In an embodiment, the method can further include the probe shaft including a surgical probe configured to facilitate articulation of the ultrasound transducer relative to the cryoablation element. Determining the position of the target treatment site with the ultrasound transducer may include articulating the ultrasound transducer with an articulation joint to scan a tissue region within the nasal cavity.

In embodiments, the method can further include a surgical probe having a light emitting element coupled to the probe shaft. The light emitting element can emit a visual indication within the nasal cavity when the position of the target treatment site is determined.

In embodiments, the method can further include a surgical probe having a tactile feedback element coupled to the handle. The tactile feedback element may issue a tactile indication when the position of the target treatment site is determined.

In embodiments, the method can further include a cryoablation element including an expandable structure. Further, cryoablating the target treatment site may include expanding the expandable structure by vaporization of a cryogenic fluid within the expandable structure.

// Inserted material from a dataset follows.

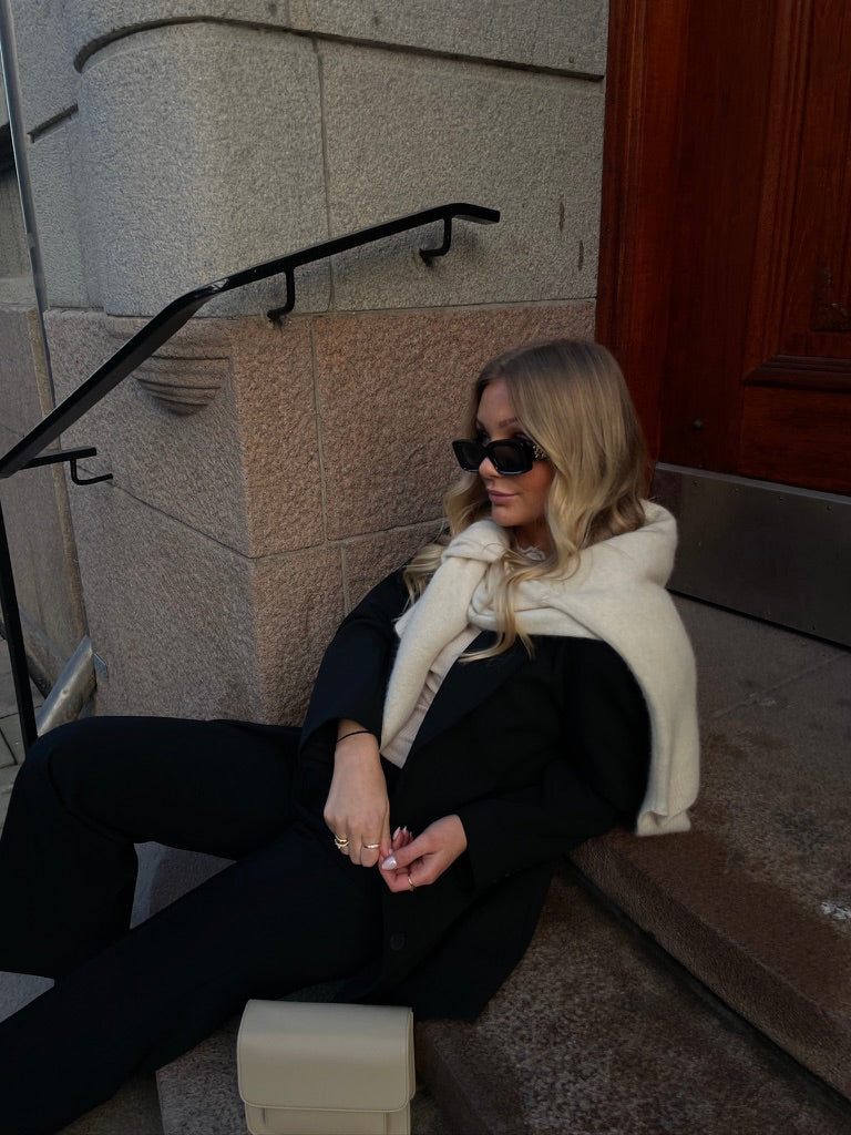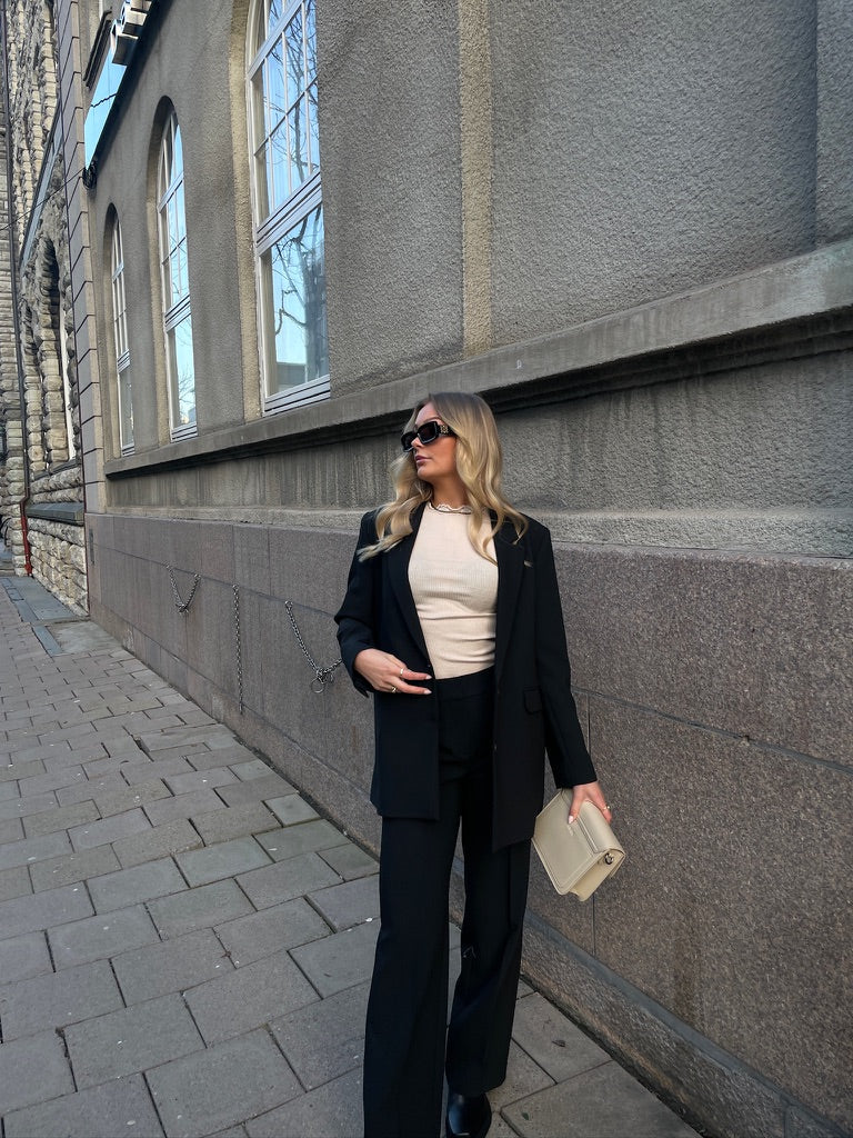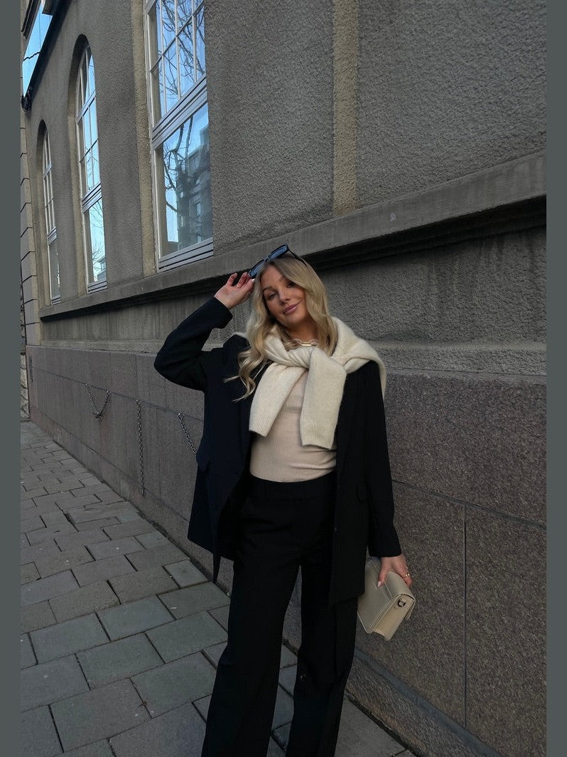 Laget i samme nydelige kvalitet som den tilhørende blazeren, gir den et gjennomført uttrykk når den styles som sett – men fungerer også like fint alene med en skjorte, strikkegenser eller en enkel t-skjorte. Den pressede fronten og den skreddersydde finishen gir buksen et rent og elegant fall.

In an embodiment, the method can further include monitoring a size of an iceball formed while cryoablating the target treatment site with the ultrasound transducer coupled to the probe shaft or a second ultrasound transducer. The ultrasound transducer or a second ultrasound transducer may emit an ultrasound beam at an angle relative to the longitudinal axis of the probe shaft so as to traverse (intersect) tissue in the nasal cavity where an iceball is formed.

In an embodiment, the method may further comprise terminating cryoablation when the size of the ice ball reaches a predetermined size range.

In embodiments, the method can further include a cryoablation element slidably coupled to the probe shaft. In an embodiment, after determining the location of the target treatment site, the cryoablation element is advanced into the nasal cavity by sliding the cryoablation element along the shaft toward the distal end of the surgical probe shaft to the target treatment site.